• WORK REQUIRED:
Please set down only the lines below starting with the line with "Packed with organic" and going on through the line with "Uldum Møbelfabrik, sechs", verbatim and without pictures.

• TASK INPUT:
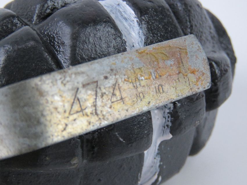 An inert L111 training grenade and an inert F1 Limonka grenade.
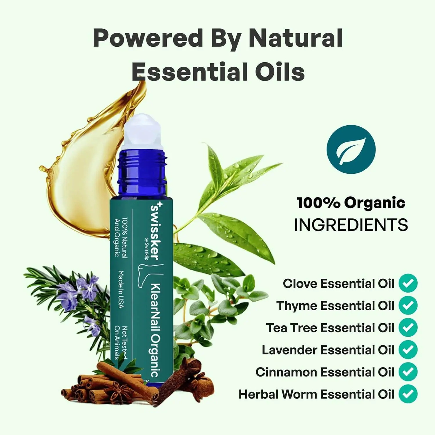 Packed with organic tea tree, thyme, clove, and lavender oils—plus a potent herbal infusion rich in vitamin E and plant-based antioxidants. Supports healing, reduces irritation, and protects skin and nails while fighting fungus.
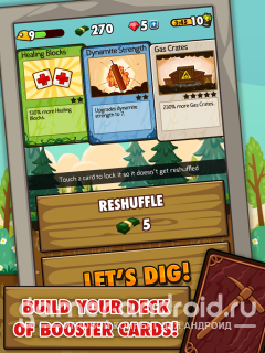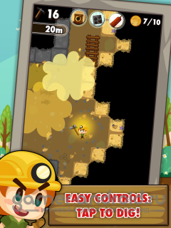 Pocket Mine - отправитесь в подземные поиски золота и драгоценностей в роли трудолюбивого шахтера. которому все по плечу. Много часовая игра, где вы будете нажимать на блоки и опускаться все ниже и ниже в поиске богатств. По мима золота, собирайте потерянные артефакты, превратив их в свою коллекцию, которой можно будет торговать среди игроков. В игре так же есть бонусы, которые помогут вам.
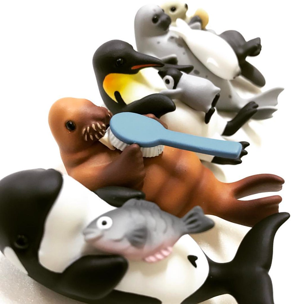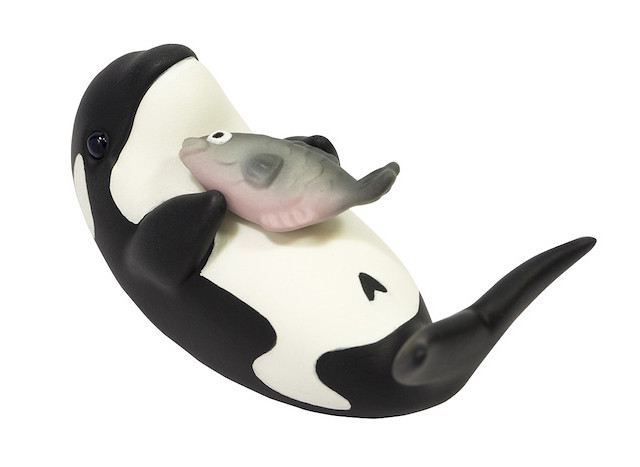 預計將以同個逗趣的姿勢來把「帝王企鵝(コウテイペンギン)」、「海象(セイウチ)」、「斑點海豹(ゴマフアザラ)」和「虎鯨(シャチ)」等等五種不同動物來轉化設計,像是虎鯨就是把牠的食物"魚"放在肚子上面的模樣真是有趣啊!帝王企鵝則是表現和幼子企鵝寶寶"親情同樂"的樣貌,喜愛動物系轉蛋作品的玩具人可以參考一下歐!
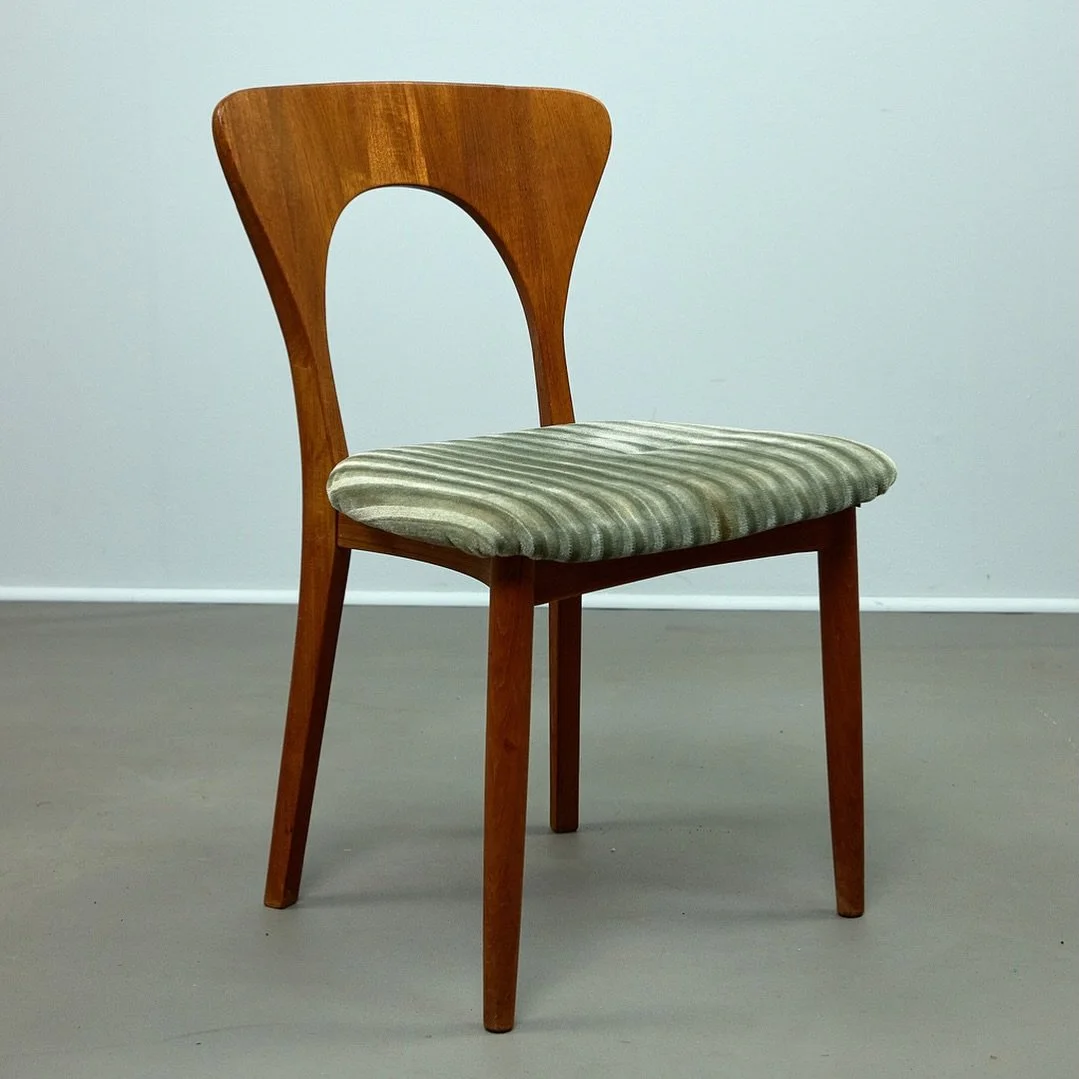 Uldum Møbelfabrik, sechs Stühle / Esszimmerstühle, Teak, Wollstoff, 1960er Jahre, Dänemark
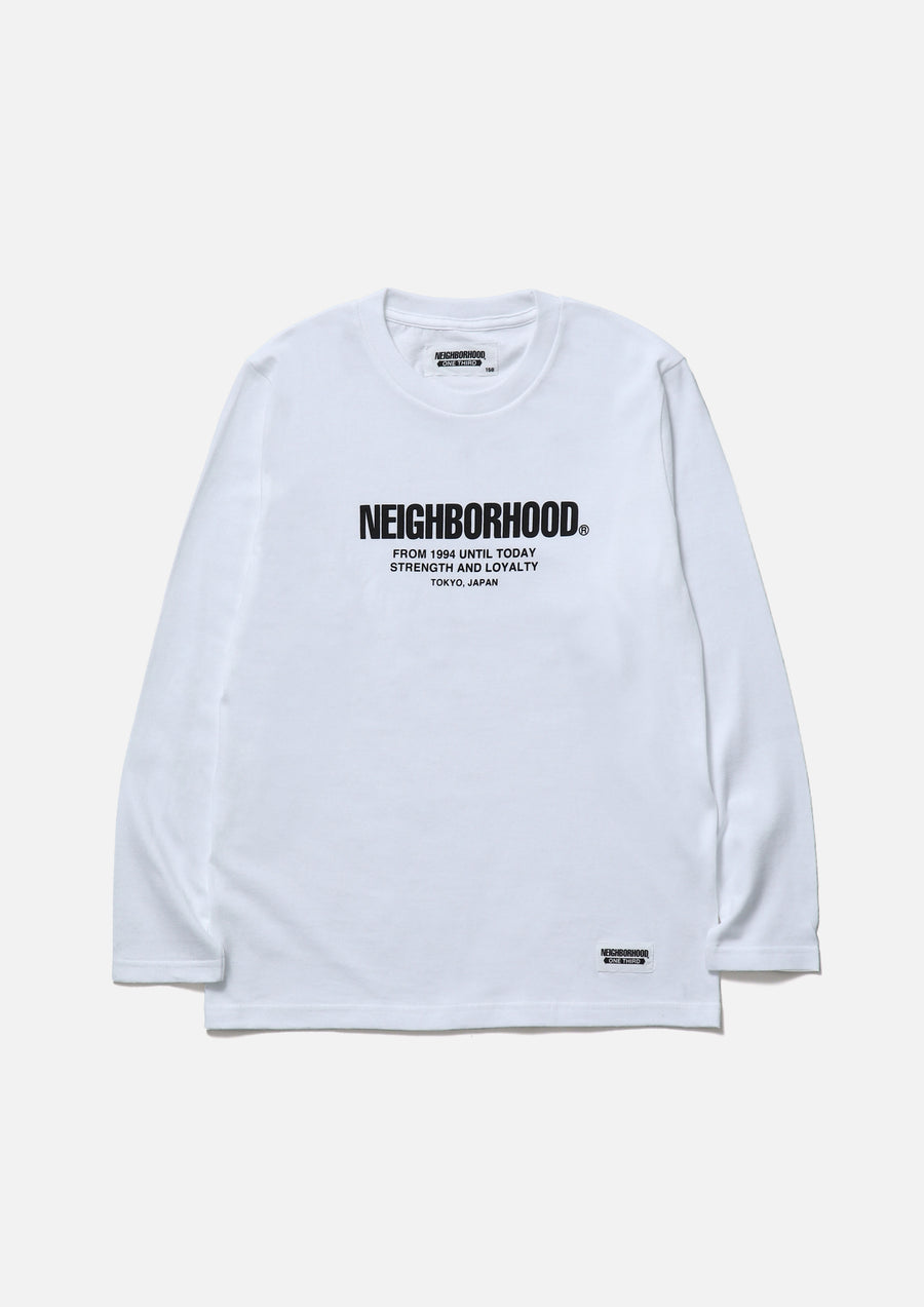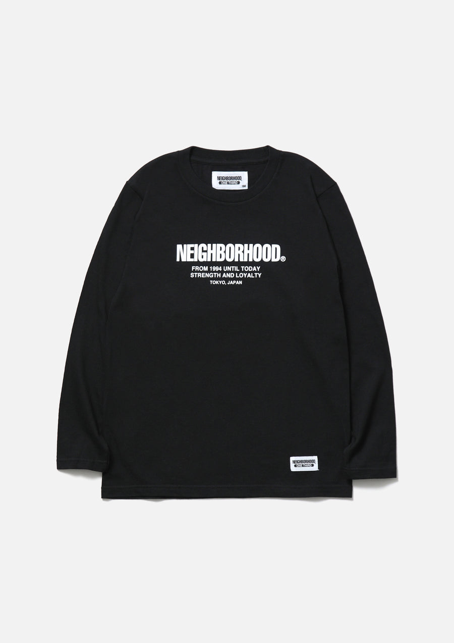 A long-sleeve T-shirt made of a 5.6oz heavyweight body. Printed logo on the front. A name tag is placed on the left hem.
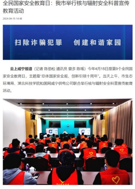 (通讯:汪志伟,审核:彭胜国、张规富)2024年4月15日是第9个全民国家安全教育日,围绕“总体国家安全观,创新引领十周年”的宣传主题,太阳集团tyc138联合咸宁市生态环境局、国家电网咸宁供电公司等单位一起开展了多种形式的核与辐射安全宣传活动,旨在通过多样化核科普宣传,向公众宣扬核能与核技术知识,提升全民核科学素养。本次活动由咸宁市生态环境局组织,我院核专业杜纪富教授、王帅博士、汪志伟老师以及22级核工程与核技术班全体同学共40余人参与。
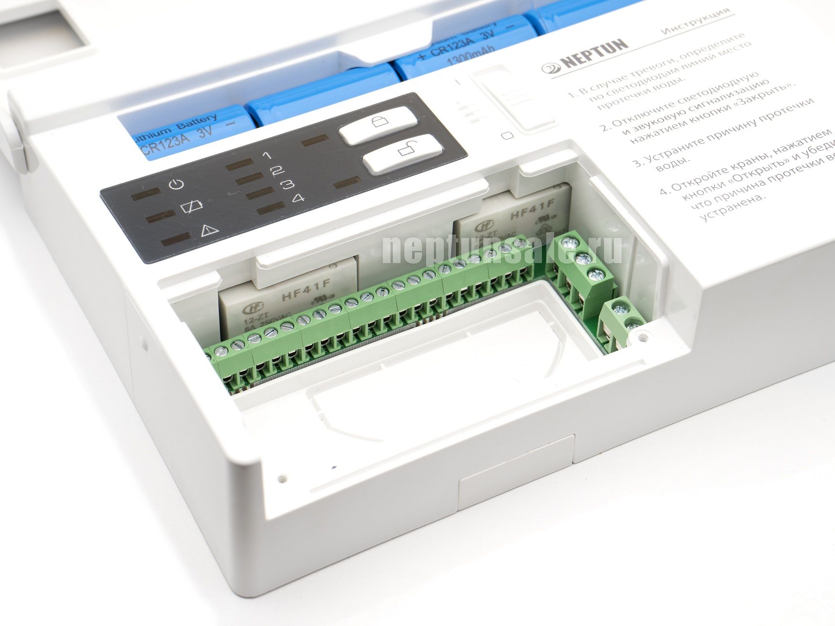 Предназначен для обработки сигналов от датчиков контроля протечки воды и выдачи управляющего сигнала на исполнительное устройство, перекрывающее воду.
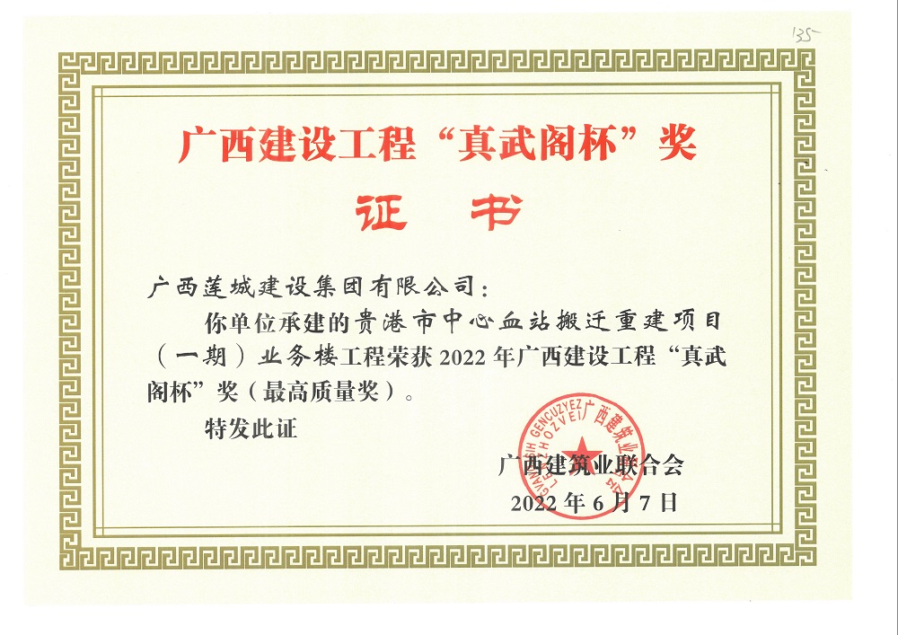 2022年廣西建設(shè)工程“真武閣杯”獎(jiǎng)(最高質(zhì)量獎(jiǎng))貴港市中心血站搬遷重建項(xiàng)目(一期)業(yè)務(wù)樓工程,項(xiàng)目經(jīng)理:覃如貴
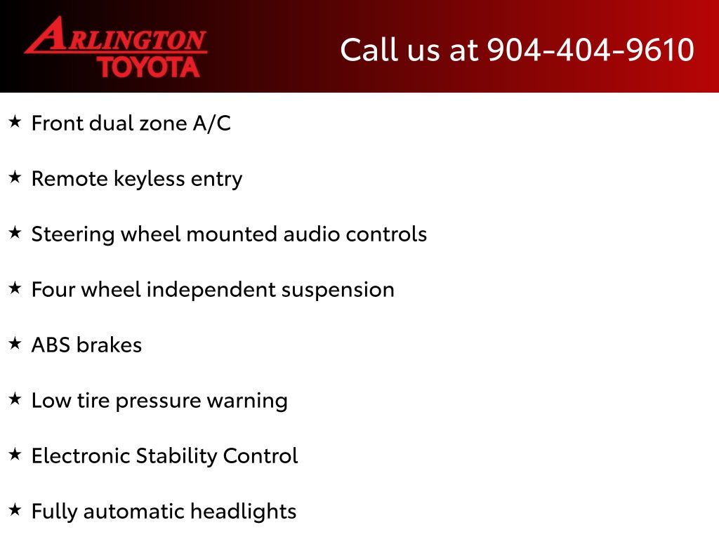 CALL FOR AVAILABILITY AND EXTRA OPTIONS ARLINGTON TOYOTA 904-721-3000.
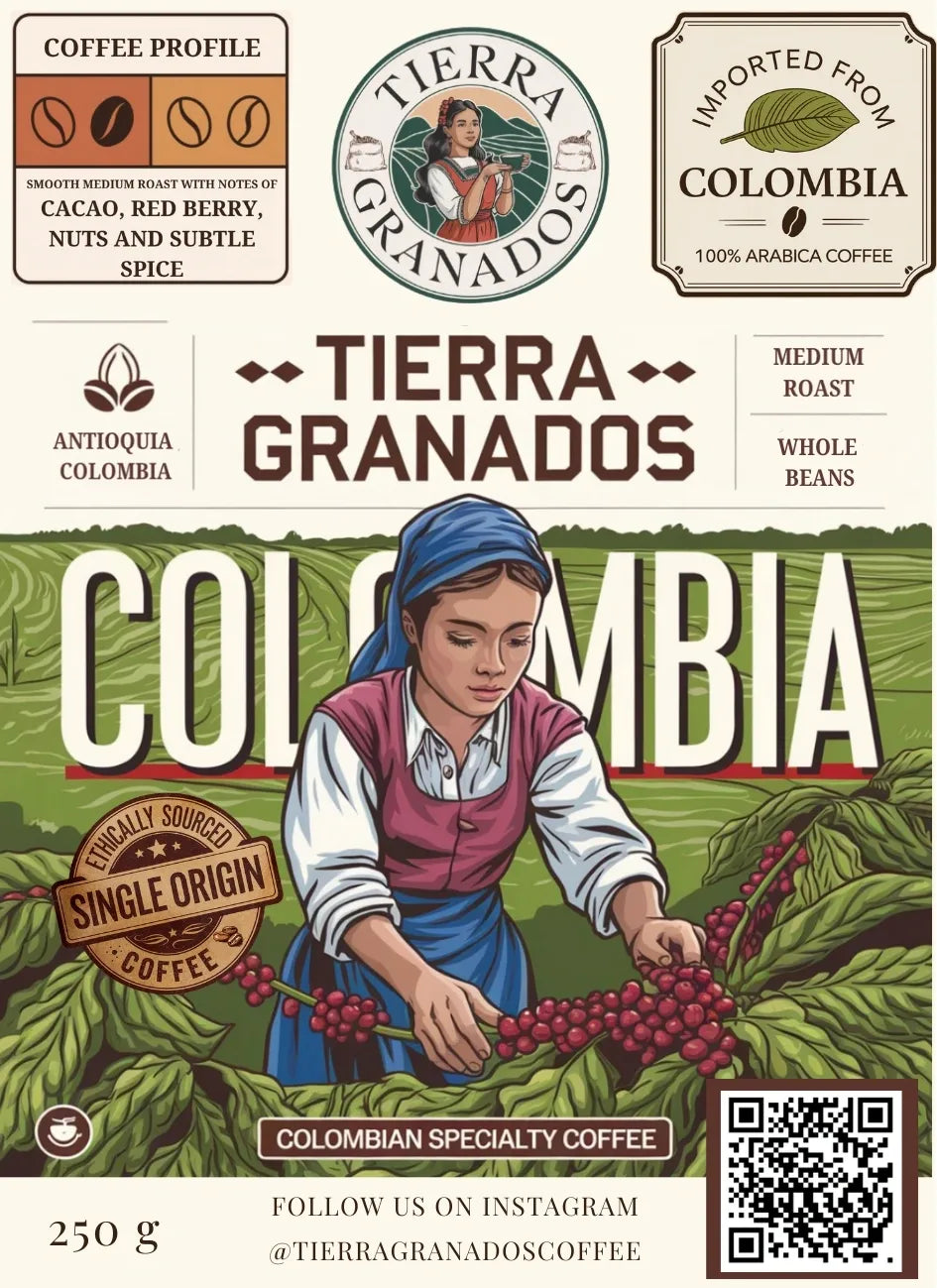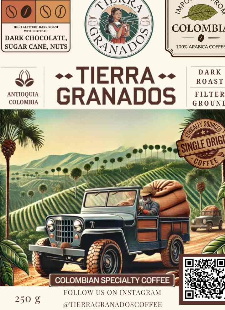 Welcome to Tierra Granados Colombian Coffee where every bean tells a story of love, heritage, and purpose. Our specialty coffee is handpicked from the highlands of Colombia and ethically roasted to bring bold flavor and lasting impact. From supporting schools to sharing financial literacy, we believe great coffee can change lives. Join us on this journey from the mountains of Medellín to cafés and homes around the world!
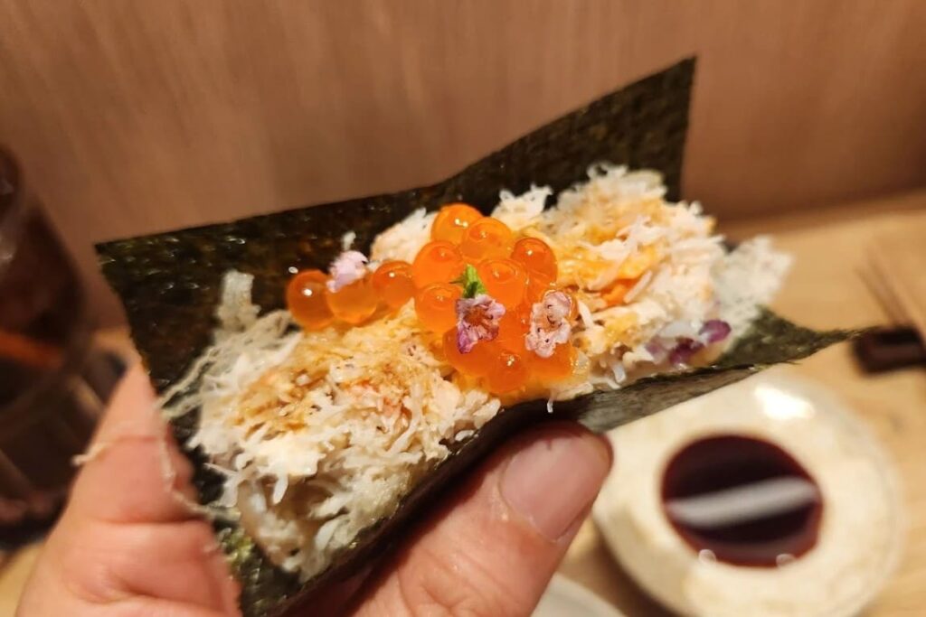 เมนูอาหารที่ห้ามพลาดคือบรรดาแฮนด์โรลหลากหลายหน้าที่มีความเฉพาะตัวสูงอย่าง Chutoro Uni & Caviar ที่รวบรวมวัตถุดิบชั้นเลิศสามอย่างมาไว้ในคำเดียวให้รสสัมผัสที่ทั้งหวานมันและเข้มข้น หรือจะเป็น Hotate with Ankimo Sauce ที่ใช้หอยเชลล์ตัวโตท็อปด้วยซอสตับปลาอังคิโมะรสละมุน สำหรับสายโอมากาเสะทางร้านยังมี New Seasonal Omakase Course ที่จัดเต็มทั้งปลามาได ปลาฮามาจิ และปลาโนโดกุโระที่เสิร์ฟพร้อมครีมชีสและไข่ปลาคาเวียร์ ในราคาเริ่มต้นที่ 2,690 บาทต่อคอร์ส นอกจากนี้ยังมีเมนูไฮไลต์อย่าง Awabi with Kimo Awabi Sauce ที่เสิร์ฟเป๋าฮื้อพร้อมซอสเข้มข้นในฝาหอยดูหรูหรา วัตถุดิบทุกอย่างถูกคัดสรรมาอย่างดีและห่อด้วยสาหร่ายคุณภาพที่ยังคงความกรอบไว้ได้นาน สำหรับราคาต่อหัวโดยเฉลี่ยหากสั่งเป็นจานเดี่ยวจะอยู่ที่ประมาณ 800-1,500 บาท แต่ถ้าจัดคอร์สเต็มรูปแบบจะอยู่ที่ประมาณ 3,000 บาทขึ้นไป

• FINAL ANSWER:
 Packed with organic tea tree, thyme, clove, and lavender oils—plus a potent herbal infusion rich in vitamin E and plant-based antioxidants. Supports healing, reduces irritation, and protects skin and nails while fighting fungus.
 Pocket Mine - отправитесь в подземные поиски золота и драгоценностей в роли трудолюбивого шахтера. которому все по плечу. Много часовая игра, где вы будете нажимать на блоки и опускаться все ниже и ниже в поиске богатств. По мима золота, собирайте потерянные артефакты, превратив их в свою коллекцию, которой можно будет торговать среди игроков. В игре так же есть бонусы, которые помогут вам.
 預計將以同個逗趣的姿勢來把「帝王企鵝(コウテイペンギン)」、「海象(セイウチ)」、「斑點海豹(ゴマフアザラ)」和「虎鯨(シャチ)」等等五種不同動物來轉化設計,像是虎鯨就是把牠的食物"魚"放在肚子上面的模樣真是有趣啊!帝王企鵝則是表現和幼子企鵝寶寶"親情同樂"的樣貌,喜愛動物系轉蛋作品的玩具人可以參考一下歐!
 Uldum Møbelfabrik, sechs Stühle / Esszimmerstühle, Teak, Wollstoff, 1960er Jahre, Dänemark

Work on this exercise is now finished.